Every consecutive sequence has exactly one start (the smallest number)
By only counting from sequence starts, we ensure each sequence is counted exactly once
The inner while loop only runs when we're at a sequence start, so despite appearing nested, the total work is O(n)

Time Complexity Analysis:

Creating the set: O(n)
Outer loop: O(n) iterations
Inner while loop: Runs only for sequence starts, and each number is visited at most once across all iterations
Total: O(n) time with O(n) space

Input

nums = [100, 4, 200, 1, 3, 2]

Output

Explanation: The longest consecutive sequence is [1, 2, 3, 4], which has length 4. Note that 100 and 200 are isolated values that don't form longer sequences.

Solution

def longest_consecutive(nums):
    """Find the longest consecutive sequence in O(n) time."""
    if not nums:
        return 0
    
    # Convert to set for O(1) lookups
    num_set = set(nums)
    longest_streak = 0
    
    # Check each number
    for num in num_set:
        # Only start counting if this is a sequence start
        # (i.e., num - 1 is not in the set)
        if (num - 1) not in num_set:
            current_num = num
            current_streak = 1
            
            # Count consecutive numbers forward
            while (current_num + 1) in num_set:
                current_num += 1
                current_streak += 1
            
            # Update maximum length
            longest_streak = max(longest_streak, current_streak)
    
    return longest_streak

Complexity Analysis

Time Complexity: O(n) where n is the length of the input array

Creating the set: O(n)
Iterating through the set: O(n)
The inner while loop might seem like it makes this O(n²), but it's not! Each number is visited at most twice (once in the outer loop, once in the inner loop when it's part of a sequence), so the total work is still O(n)

Space Complexity: O(n)

We store all numbers in a set, which takes O(n) space

Applying the One Sentence Rule

Use a hashmap whenever you need to track relationships, frequencies, or quick lookups to avoid O(n²) nested loops.

For this problem:

What are we tracking? The presence of numbers for O(1) membership checks
What nested loop are we avoiding? Comparing every number with every other to find consecutive sequences (O(n²))
How does the hashmap help? Set (a type of hashmap) gives us O(1) lookup to check if num - 1 or num + 1 exists
What's the key insight?
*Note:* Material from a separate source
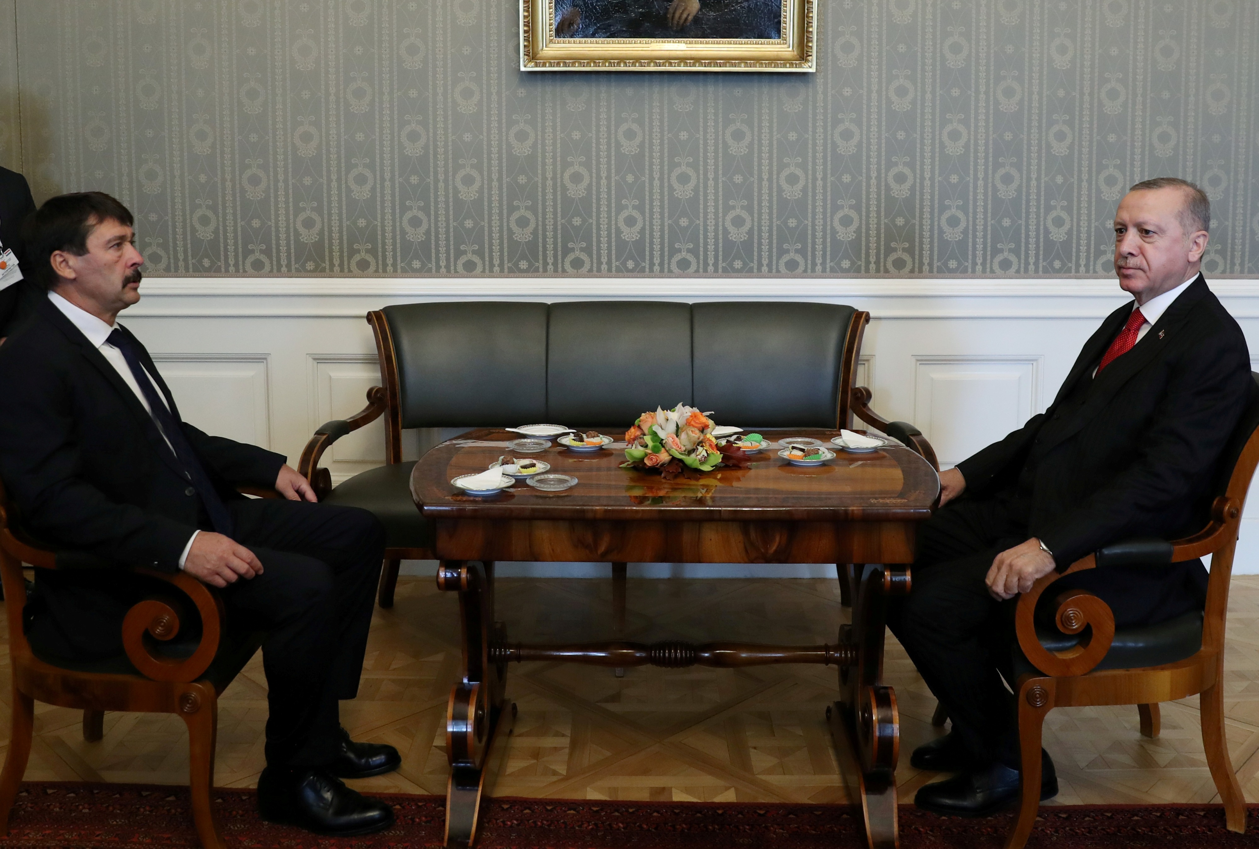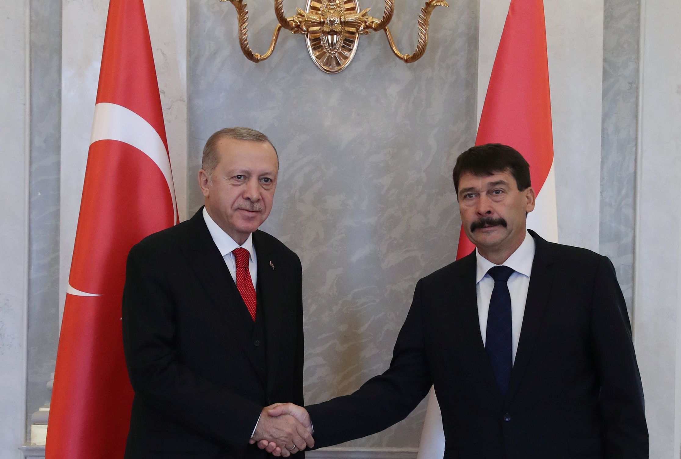 Ülkedeki temasları kapsamında Cumhurbaşkanı Erdoğan ilk olarak Macaristan Cumhurbaşkanı Janos Ader ile Sandor Sarayında baş başa bir görüşme gerçekleştirdi. Cumhurbaşkanı Erdoğan, Sandor Sarayına gelişinde Macaristan Cumhurbaşkanı Ader tarafından karşılandı. Görüşme öncesinde Cumhurbaşkanı Erdoğan ve Macaristan Cumhurbaşkanı Ader Türkiye ve Macaristan bayrakları önünde tokalaşarak gazetecilere görüntü verdi.

Only count from sequence starts (where num - 1 doesn't exist) to avoid redundant work

Applying the rule:

The hash set approach is perfect here because we need to repeatedly check "does this number exist?" - exactly what hash sets excel at with O(1) time.

Example walkthrough for [100, 4, 200, 1, 3, 2]:

Create set: {100, 4, 200, 1, 3, 2} (order doesn't matter in a set)
Check 100:
- Is 99 in set? ✗ → This is a sequence start!
- Count forward: 101 in set? ✗
- Sequence length: 1
Check 4:
- Is 3 in set? ✓ → NOT a sequence start (3 comes before it)
- Skip counting (we'll count from 1 instead)
Check 200:
- Is 199 in set? ✗ → This is a sequence start!
- Count forward: 201 in set? ✗
- Sequence length: 1
Check 1:
- Is 0 in set? ✗ → This is a sequence start!
- Count forward: 2 in set? ✓ (streak = 2)
- Count forward: 3 in set? ✓ (streak = 3)
- Count forward: 4 in set? ✓ (streak = 4)
- Count forward: 5 in set? ✗
- Sequence length: 4 ✓ Maximum found!
Check 3 and 2: Both have predecessors in the set, so we skip them

Result: The longest consecutive sequence has length 4.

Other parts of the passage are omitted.